I'm trying to construct a 2x2 contigency table as explained in the following link below:
Ad hoc 2x2 contingency tables SQL Server 2008 (tried to understand the code but couldn't wrap my head around it)
A loop is made to construct pairs as in C1,C1 C1,C2 C2,C1 C2,C2. (cartesian product)
These pairs are given as argument into the sql code. For this example I already have given the sql code a pair --> C1,C1
When constructing it for different pairs they are correct as in C1,C2 C2,C1 (after some modifications explained below). When making pairs of C1,C1 or C2,C2 it constructs a wrong contingency table.

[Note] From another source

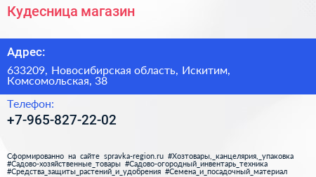 Кудесница, магазин по адресу 633209, Новосибирская область, Искитим, Комсомольская, 38 в дальнейшем Организация, размещена в следующих категориях: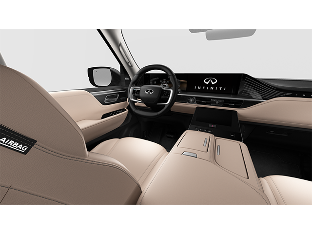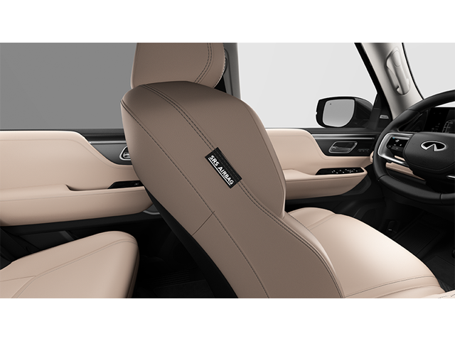 14 Speakers, 3rd row seats: bench, 4-Wheel Disc Brakes, ABS brakes, Air Conditioning, Alloy wheels, AM/FM radio: SiriusXM with 360L, Anti-whiplash front head restraints, Apple CarPlay/Android Auto, Audio memory, Auto High-beam Headlights, Auto tilt-away steering wheel, Auto-dimming door mirrors, Auto-dimming Rear-View mirror, Automatic temperature control, Brake assist, Bumpers: body-color, Compass, Delay-off headlights, Driver door bin, Driver vanity mirror, Dual front impact airbags, Dual front side impact airbags, Electronic Stability Control, Emergency communication system: INFINITI InTouch, Four wheel independent suspension, Front anti-roll bar, Front Bucket Seats, Front Center Armrest, Front dual zone A/C, Front reading lights, Fully automatic headlights, Garage door transmitter: myQ Connected Garage, Heated door mirrors, Heated Front Bucket Seats, Heated front seats, Heated rear seats, Heated steering wheel, HVAC memory, Illuminated entry, Knee airbag, Leather steering wheel, Low tire pressure warning, Memory seat, Navigation system: Google Built-in, Occupant sensing airbag, Outside temperature display, Overhead airbag, Overhead console, Panic alarm, Passenger door bin, Passenger vanity mirror, Power door mirrors, Power driver seat, Power Liftgate, Power moonroof, Power passenger seat, Power steering, Power windows, Radio data system, Radio: Klipsch Premium Audio System, Rain sensing wipers, Rear air conditioning, Rear anti-roll bar, Rear reading lights, Rear seat center armrest, Rear window defroster, Rear window wiper, Reclining 3rd row seat, Remote keyless entry, Security system, Speed control, Speed-sensing steering, Split folding rear seat, Spoiler, Steering wheel memory, Steering wheel mounted audio controls, Super Premium Paint, Tachometer, Tailorfit-Appointed Seating Surfaces, Telescoping steering wheel, Tilt steering wheel, Traction control, Trip computer, Turn signal indicator mirrors, Variably intermittent wipers, and Wheels: 20 x 8.5J Aluminum Alloy.

For example (table name is alpha_occurence):
id concept_uri document_uri
1 C1 D1
2 C2 D1
2x2 Contingency table of the pairs C1,C1 should give from the given table above:
C1 not C1
C1 1 0
not C1 0 -
But instead gives (after some modifications):
C1 not C1
C1 0 1
not C1 1 -
note I have put a - for the value not C1, Not C1. Because to calculate that an other method is used.
This sql code is used to retrieve the values :
SELECT count(*) AS total FROM
(SELECT document_uri,count(DISTINCT concept_uri) AS count_conc FROM mydb.alpha_occurence
WHERE concept_uri IN ('C1','C1')
GROUP BY document_uri
HAVING count_conc >=2 )
AS amount_of_concept_co_occurence #value of both X and Y
UNION ALL
SELECT count(*) AS total FROM
(SELECT concept_uri,document_uri FROM mydb.alpha_occurence
WHERE concept_uri IN ('C1'))
AS only_concept_A #value of Only X not Y
UNION ALL
SELECT count(*) AS total FROM
(SELECT concept_uri,document_uri FROM mydb.alpha_occurence
WHERE concept_uri IN ('C1'))
AS only_concept_B #value of Not X only Y
After the values are retrieved a little script is run over these values to correct them. The following is done:
To get Only X and not Y = only_concept_A - amount_of_concept_co_occurence
To get Not X and Only Y = Only_concept_B - amount_of_concept_co_occurence
To get the value of neither X or Y = total # of documents (which is not given here as the sample data only has data of which concept occurce in which document) - (amount_of_concept_co_occurence + Only X and not Y + Not X and Only Y)